Laut Definition verwendet Ergonomie wissenschaftliche Erkenntnisse um Arbeitsaufgaben, Arbeitsumgebungen und Produkte an die physischen und mentalen Fähigkeiten und Grenzen von Menschen anzupassen. Dabei sollen Gesundheit, Sicherheit, Wohlbefinden und Leistungsvermögen geschützt und verbessert werden.

Die Gestaltung der Benutzeroberflächen muss sich an der Art und Weise menschlicher Informationsverarbeitung orientieren. Zum ergonomischen Kontext gehört hier die visuelle Konditionierung, die Wahrnehmung, die Farbpsychologie, die bisher operationalisierten Erkenntnisse über die Funktionen des Kurzzeitgedächtnisses sowie der fachliche Konsens über die Bedeutung und Verwendung von Metaphern und Symbolen. Über allem stehen die Aufgaben und die Arbeit mit ihrer Struktur, die mit der eingesetzten Software verrichtet werden sollen.

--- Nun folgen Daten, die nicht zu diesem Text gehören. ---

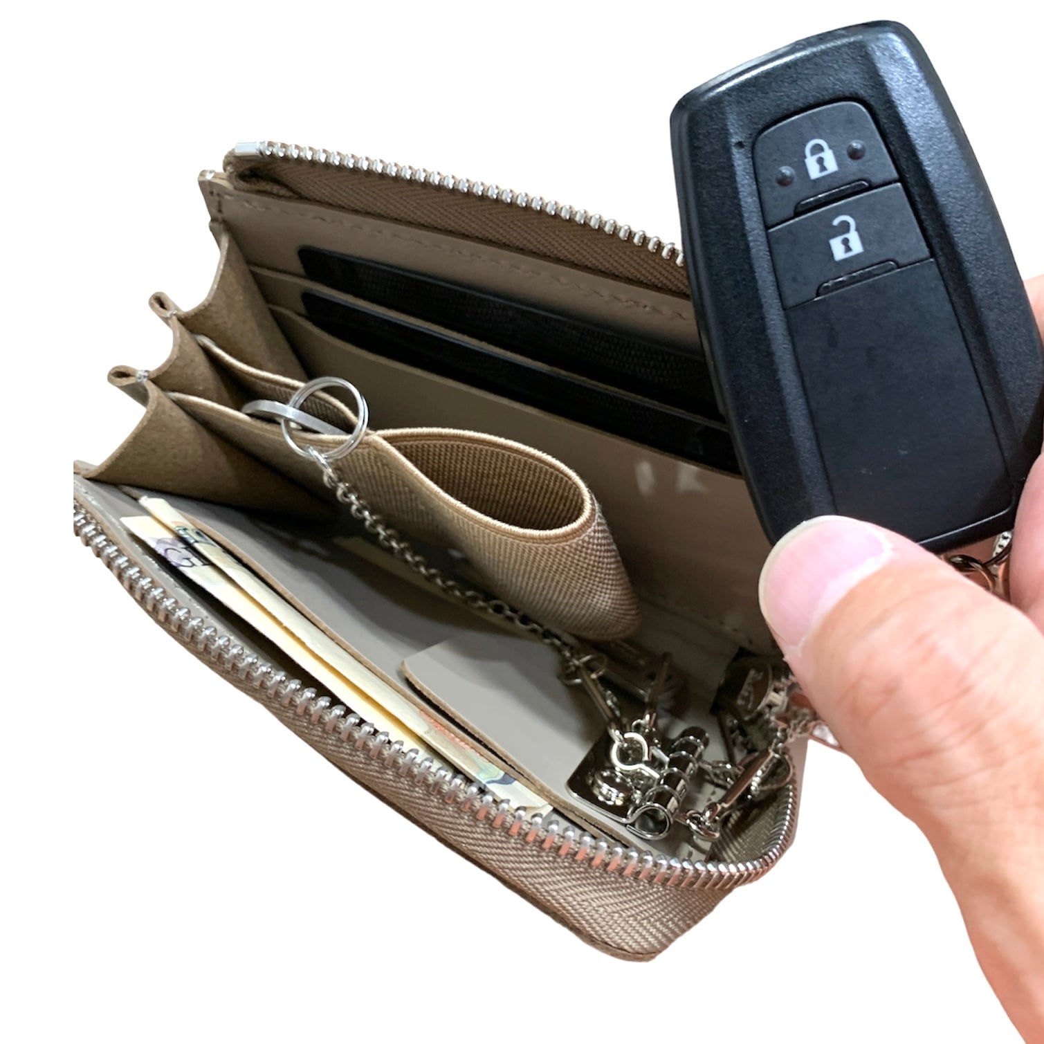 スマートキーを入れる前提で作ってある財布で、なおかつ持ち歩くものをすべて入れてしまおうというあまり見ない気概に溢れたプロダクトです。

Im Falle von psychischen und physischen Einschränkungen bei Auffassungsgabe, Sehvermögen, Farbwahrnehmung oder gar dem Totalausfall ganzer Sinne oder von Teilen des Bewegungsapparates auf Seiten der Nutzer muss nach noch engeren Regeln und Richtlinien im Sinne einer Barrierefreiheit des Softwareproduktes verfahren werden.